# [EXERCISE DATA]
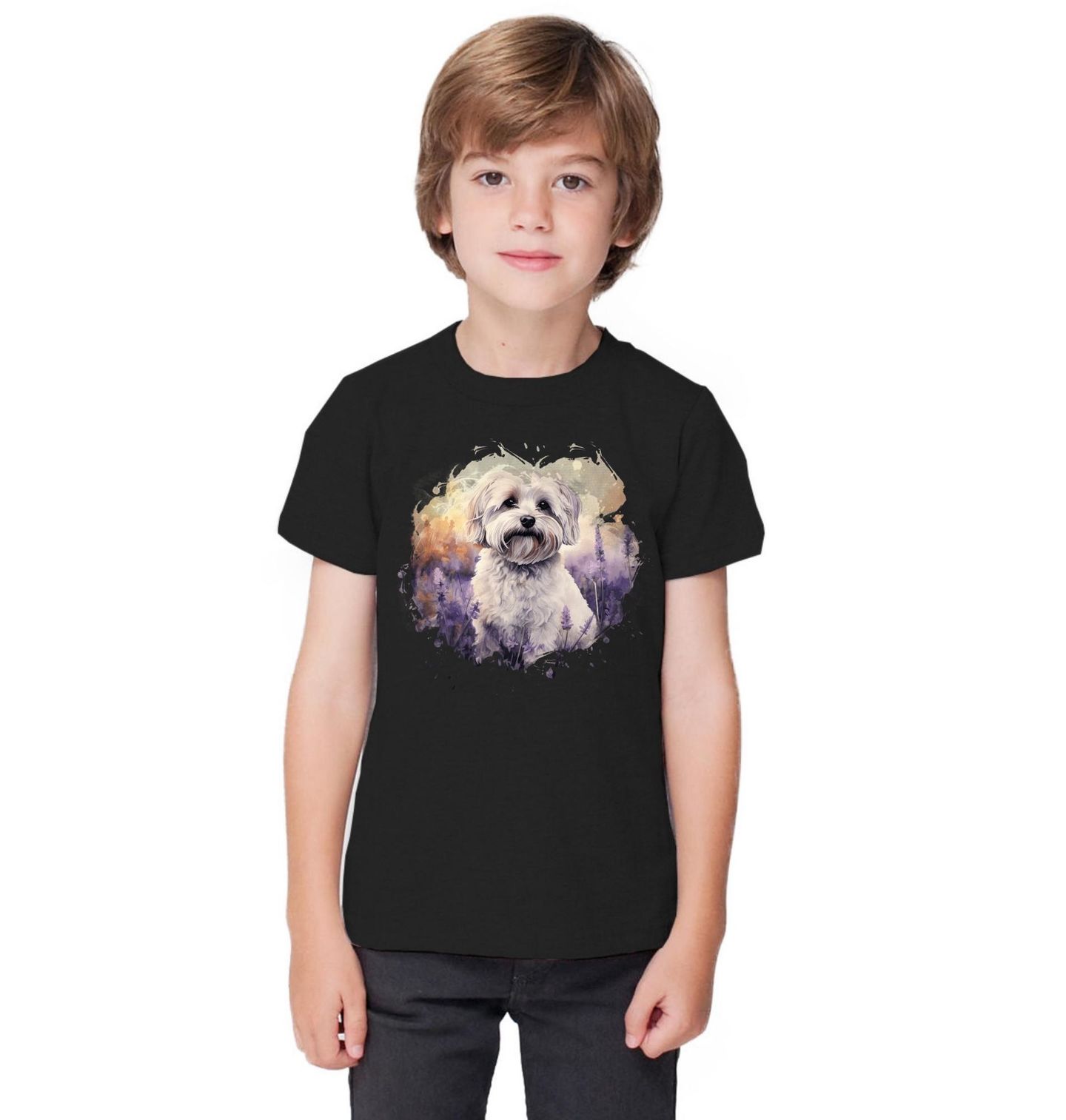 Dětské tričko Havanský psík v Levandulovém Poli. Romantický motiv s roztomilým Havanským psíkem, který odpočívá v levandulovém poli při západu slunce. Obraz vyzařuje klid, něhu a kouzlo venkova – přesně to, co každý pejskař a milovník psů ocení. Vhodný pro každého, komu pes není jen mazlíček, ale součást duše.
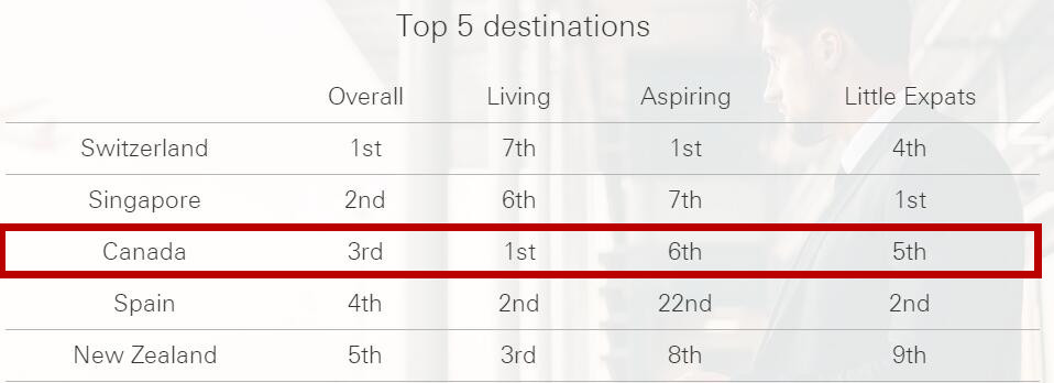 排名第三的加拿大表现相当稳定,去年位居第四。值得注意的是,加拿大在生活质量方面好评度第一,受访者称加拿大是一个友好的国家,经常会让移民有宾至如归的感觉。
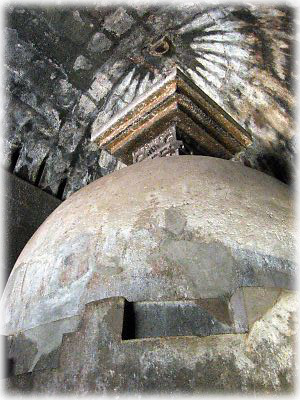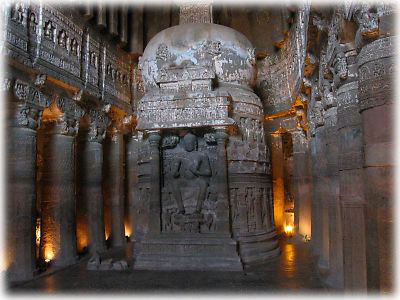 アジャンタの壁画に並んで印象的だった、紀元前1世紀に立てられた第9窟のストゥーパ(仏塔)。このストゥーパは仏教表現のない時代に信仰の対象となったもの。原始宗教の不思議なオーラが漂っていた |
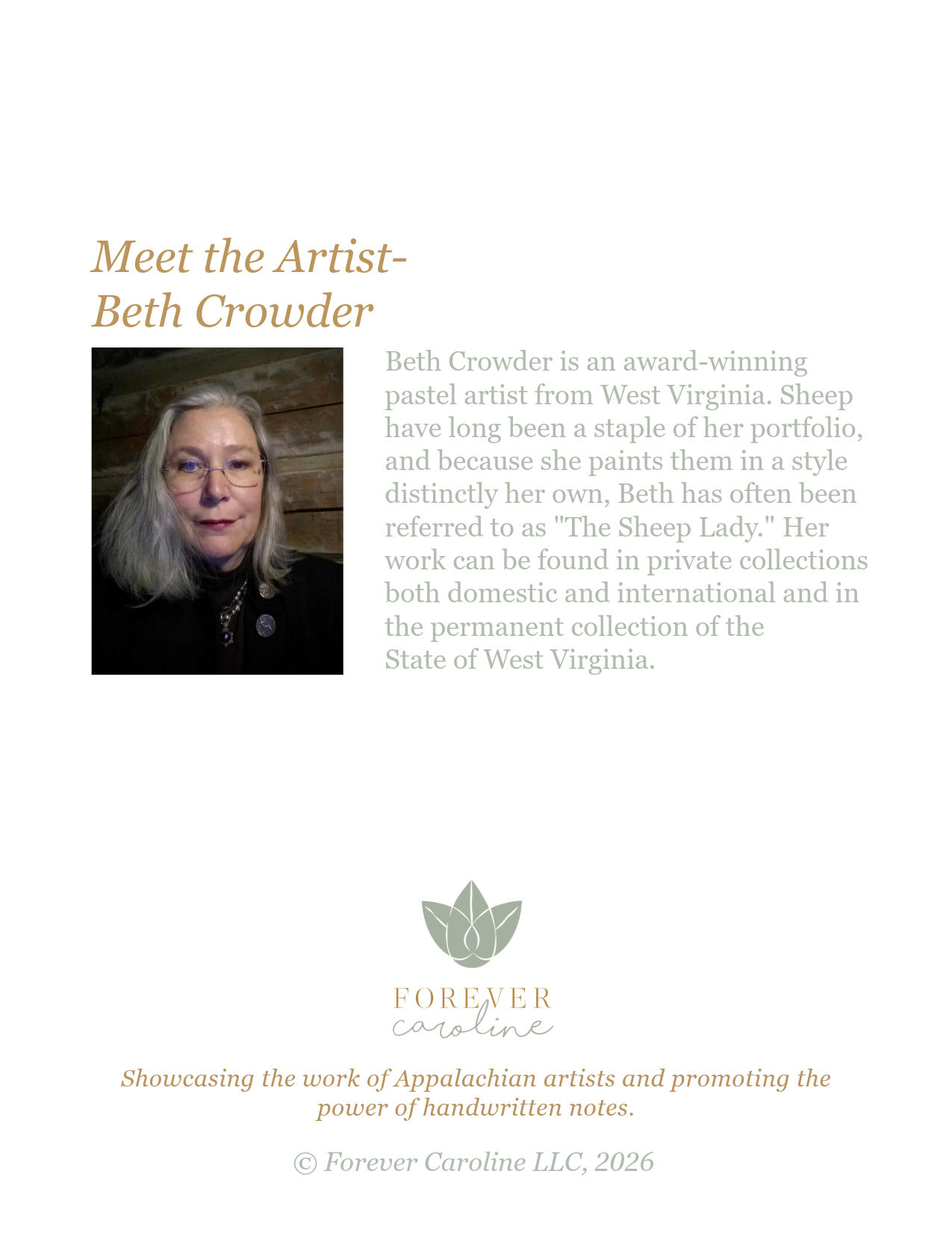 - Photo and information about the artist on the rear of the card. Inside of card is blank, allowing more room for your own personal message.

# [REQUIREMENT]
Give back the full listing word for word, with the pictures left out.

# [COMPLETED TASK]
 Dětské tričko Havanský psík v Levandulovém Poli. Romantický motiv s roztomilým Havanským psíkem, který odpočívá v levandulovém poli při západu slunce. Obraz vyzařuje klid, něhu a kouzlo venkova – přesně to, co každý pejskař a milovník psů ocení. Vhodný pro každého, komu pes není jen mazlíček, ale součást duše.
 排名第三的加拿大表现相当稳定,去年位居第四。值得注意的是,加拿大在生活质量方面好评度第一,受访者称加拿大是一个友好的国家,经常会让移民有宾至如归的感觉。
 アジャンタの壁画に並んで印象的だった、紀元前1世紀に立てられた第9窟のストゥーパ(仏塔)。このストゥーパは仏教表現のない時代に信仰の対象となったもの。原始宗教の不思議なオーラが漂っていた |
 - Photo and information about the artist on the rear of the card. Inside of card is blank, allowing more room for your own personal message.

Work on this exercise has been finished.